The numbers fluctuate a bit more with this setting but after a couple of trials I saw these averages more frequently.

toplinuxsir commented 3 years ago

yolox-x (51.2%) is just as same with yolov4-csp-x-swish(51.5%), So It's worth to implement with darknet ?

AlexeyAB commented 3 years ago

@toplinuxsir Just maybe we can think about some features from YOLOX.

AlexeyAB commented 3 years ago

@AdamCuellar

E2hCrxSXoAARYRQ

toplinuxsir commented 3 years ago

@AlexeyAB Great! YoloR is https://github.com/AlexeyAB/darknet/blob/master/cfg/yolov4-csp-x-swish.cfg? Is already implemented with darknet ? Thanks!

WongKinYiu commented 3 years ago

@AlexeyAB Hello, I have finish implemented 1) decoupled head, 2) anchor-free, and 3) multi positives in PyTorch version. SimOTA need to refactor the code. Will share the information after finish training.

@AdamCuellar Hello, Could you help for examine the speed of yolov4-csp-x-swish with same setting as https://github.com/AlexeyAB/darknet/issues/7928#issuecomment-883574378 ? Thanks in advance.

AdamCuellar commented 3 years ago

@WongKinYiu Yes, I will run yolov4-csp-x-swish as well.
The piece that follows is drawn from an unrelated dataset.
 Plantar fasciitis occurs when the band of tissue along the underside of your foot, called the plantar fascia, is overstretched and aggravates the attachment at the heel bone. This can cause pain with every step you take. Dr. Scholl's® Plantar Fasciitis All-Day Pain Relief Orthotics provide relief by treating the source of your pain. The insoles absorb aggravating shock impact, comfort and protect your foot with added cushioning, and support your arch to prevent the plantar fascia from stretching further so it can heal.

If you would like me to run the PyTorch code you just implemented I can do that as well if you provide the code.

WongKinYiu commented 3 years ago

@AdamCuellar

Thanks.

I just start training my implementation today, currently they do not converge as fast as original YOLOR. And I will implement them in Darknet compatible version if their performance are stable enough.
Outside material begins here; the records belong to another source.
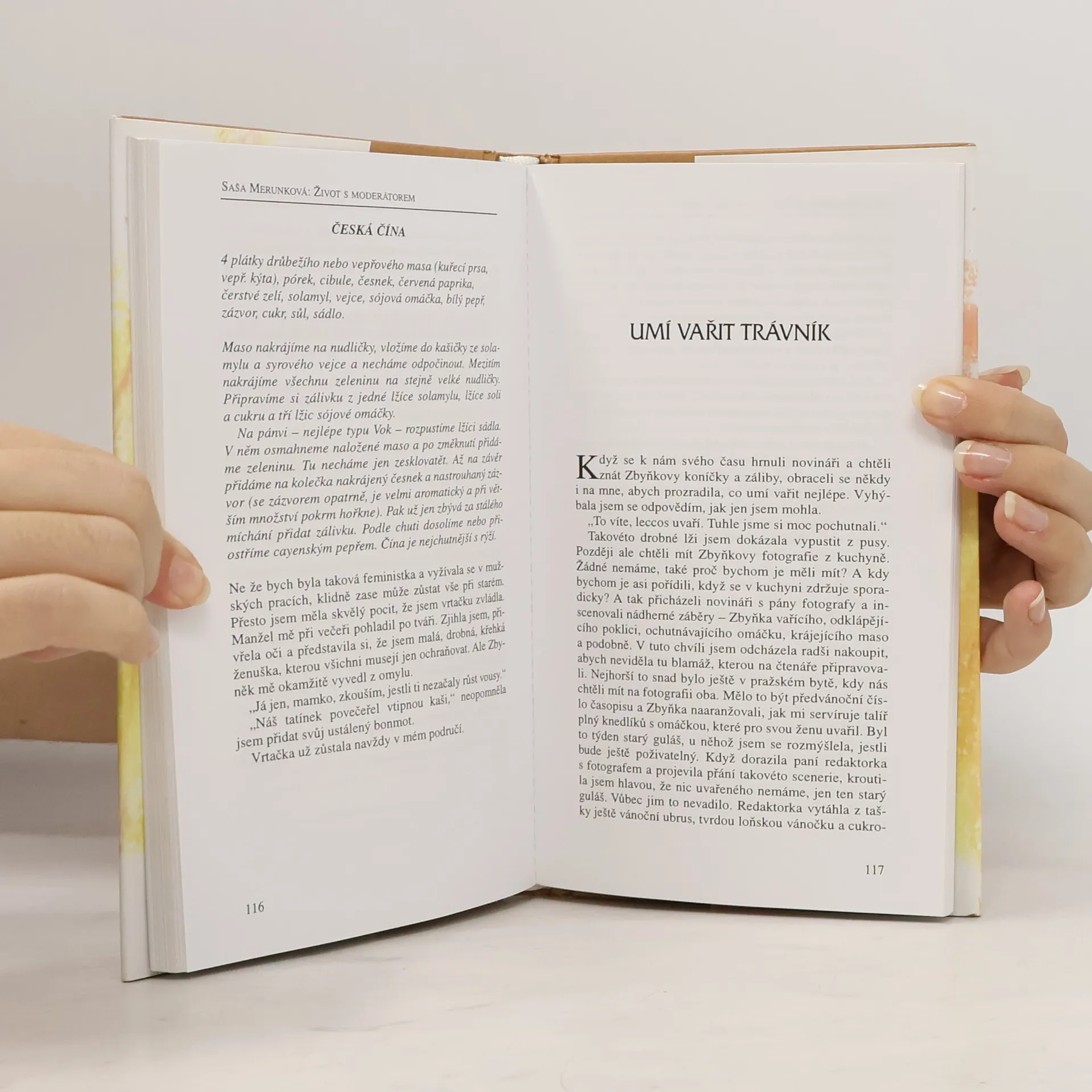 Kniha je volným vyprávěním méně či více veselých historek, ale i vyhrocených životních situací rodiny moderátora Zbyňka Merunky. Autorka (moderátorova manželka) v ní chtěla ukázat, že i lidé populární jsou z masa a kostí se svými nešvary, méně či více ošklivými povahovými vlastnostmi, a že i moderátorova rodina prožívá docela obyčejný život se starostmi o děti, o rodiče a o zaměstnání. Že člověk, který z obrazovky působí velmi seriózně, možná i jako suchar, je naopak v obyčejném životě veselý a má sklon k černému humoru. Že ho manželka otravuje při sledování fotbalu v televizi nejapnými otázkami, jako tisíce jiných manželek, a že se rád vytratí za mužskými na pivo, jako tisíce jiných manželů. Kniha je doplněna barevnými fotografiemi.
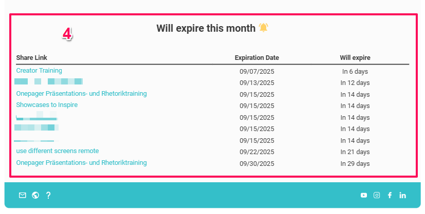 In all cases, you can see further details, such as the number of views per link or the exact expiration date.
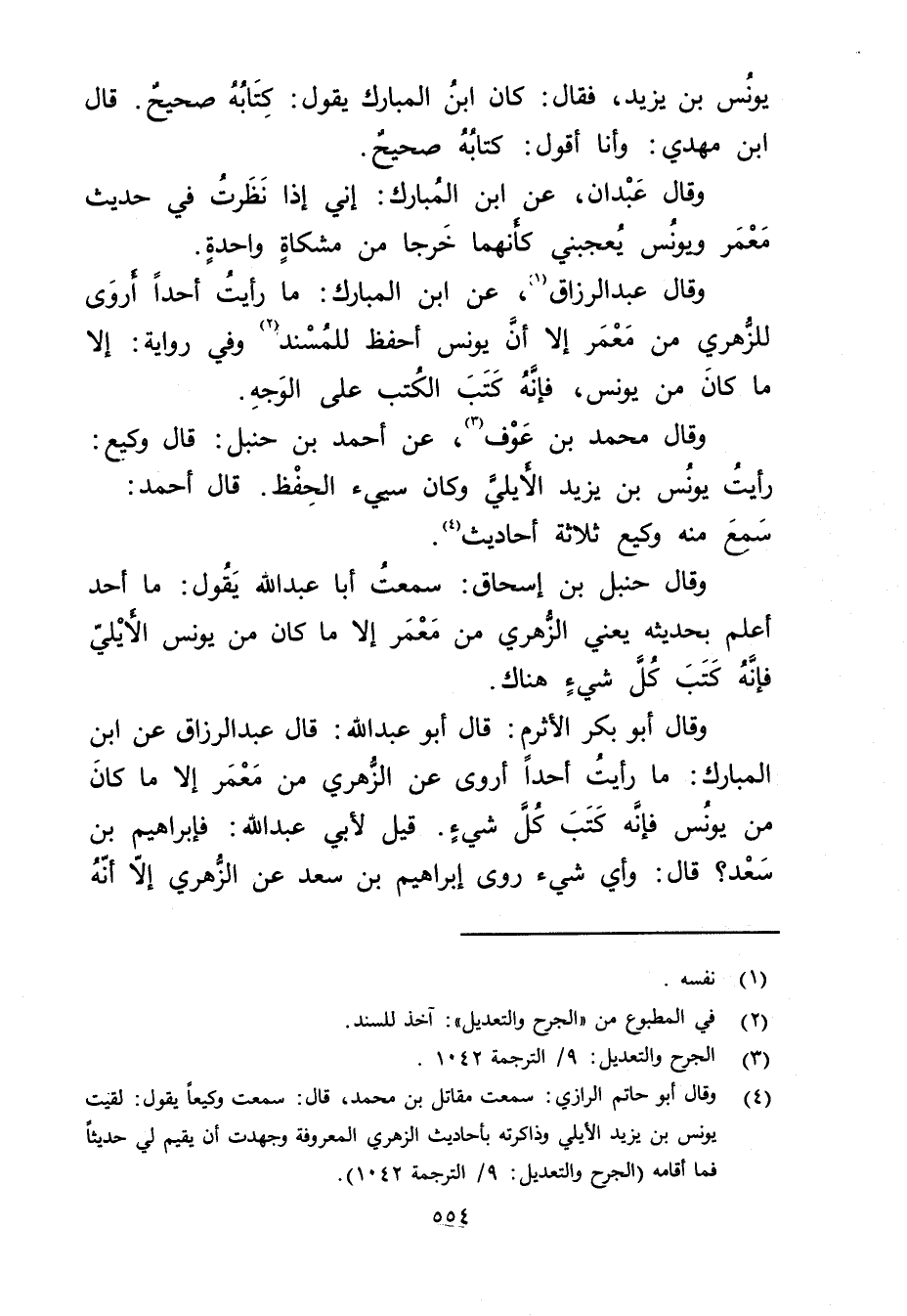 (4) وَقَال أَبُو حاتم الرازي: سمعت مقاتل بن محمد، قال: سمعت وكيعا يقول: لقيت يونس بن يزيد الايلي وذاكرته بأحاديث الزُّهْرِيّ المعروفة وجهدت أن يقيم لي حديثًا فما أقامه (الجرح والتعديل: 9 / الترجمة 1042) .
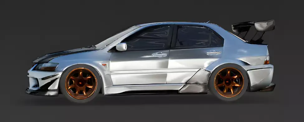 The Overall Concept This asset is a high-performance sports sedan, heavily inspired by rally legends like the Mitsubishi Lancer Evolution. It is designed as a street weapon, blending daily drivability with track-ready speed and aggression.
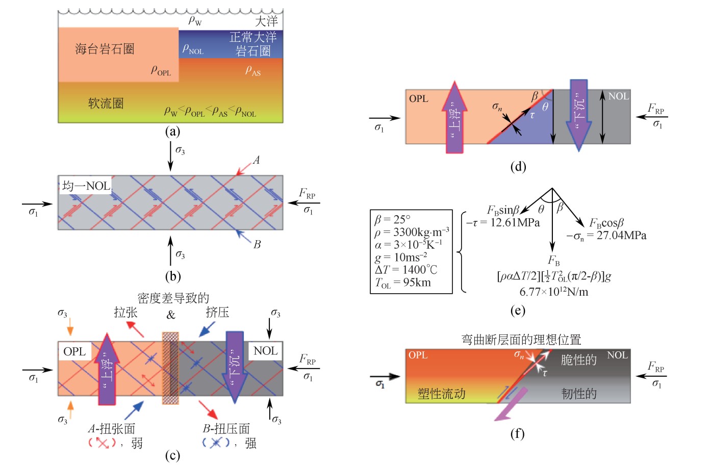 1 岩石圈内部物质组成差异导致的密度差是俯冲带形成基本条件和机理的定性和定量示意 (Niu et al.2003)
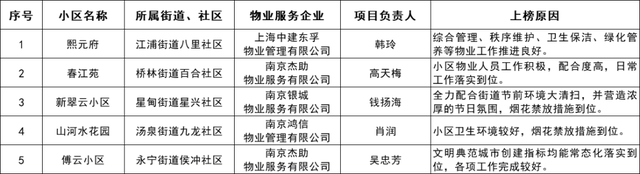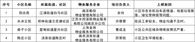 根据浦口区公布的今年1月物业服务管理“红黑榜”,有5家小区进入“红榜”,分别为熙元府、春江苑、新翠云小区、山河水花园和傅云小区,物业服务企业包括上海中建东孚、银城物业、鸿信物业等。在“黑榜”上,金地物业服务的娄子小区因公共区域杂物堆放情况严重而上榜,南京勤信物业服务的阳光苑因非机动车进楼道、绿化带种菜等原因上榜。
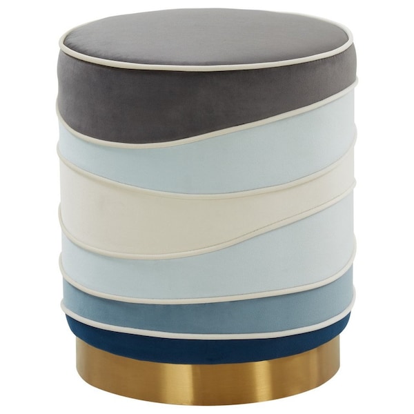 This modern round ottoman is the perfect addition to your living area, bedroom, or bathroom. With the Multicolored Velvet you can energize your living room decor, it's spooled abstract coastal design and wavy piping makes for an enchanting addition to your living room, lounge room, bedroom, or it can double as an elegant, comfy vanity seat for the bathroom!
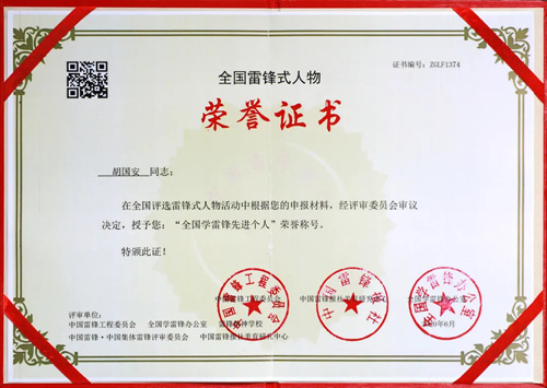 绿之韵胡国安荣膺“全国学雷锋先进个人”称号
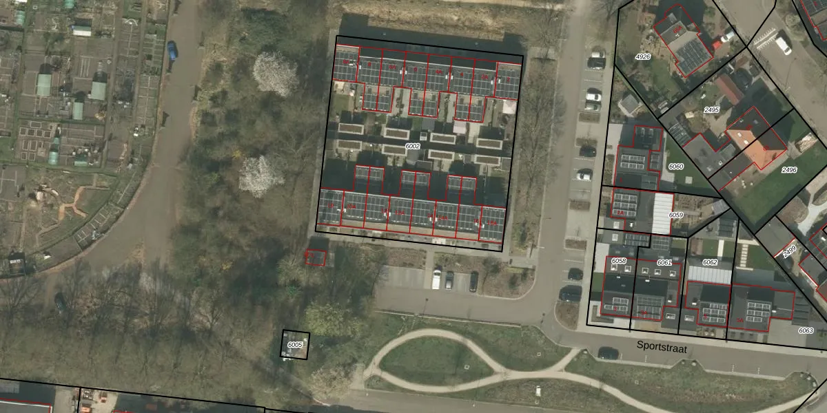 Sportstraat 14 is gelegen op kadastraal perceel WEE01S6002. Deze kadastrale aanduiding is uniek en wordt gebruikt door het Kadaster om eigendomsrechten en andere zakelijke rechten vast te leggen. Het perceel maakt onderdeel uit van de kadastrale gemeente Weert.

AdamCuellar commented 3 years ago

@AlexeyAB @WongKinYiu

yolov4-csp-x-swish with use_cuda_graph=1 : -54.6 AVG FPS without -benchmark flag -56.1 AVG FPS with -benchmark flag

@WongKinYiu Okay, let us know how it goes, I'm very interested.

WongKinYiu commented 3 years ago

(A) YOLOv4-CSP: baseline (B) A + anchor free: -1.159% (C) B + multi positive: -1.171% (D) A + decoupled head: training 258/300, maybe will +0.5%

I fell ground truth assignment problem of anchor free methods is more complex than anchor based methods.

AlexeyAB commented 3 years ago

@WongKinYiu Hi, Does it mean that these apporaches are not suitable for YOLOR, or are there some implementation issues?

Also the benefits of anchor-free approaches are not obvious. I understand why people don't want to re-calculate Anchors and re-assing them to different [yolo]-layers. But I don't see issue with hardcoded Anchors, like: 1x1, 0.5x1, 1x0.5, so the are, they increase accuracy, and you shouldn't change them or know about them.

WongKinYiu commented 3 years ago

They are suitable for YOLOR, but their implicit representation will be added in different position, I integrate them into YOLOv4-CSP for fair comparison first.

I have some ideas to improve the integration of YOLOv4 and anchor free approach, but it will be different from what YOLOX did. I will keep going to do that but not in high priority, and I will implement decoupled head in Darknet compatible version first.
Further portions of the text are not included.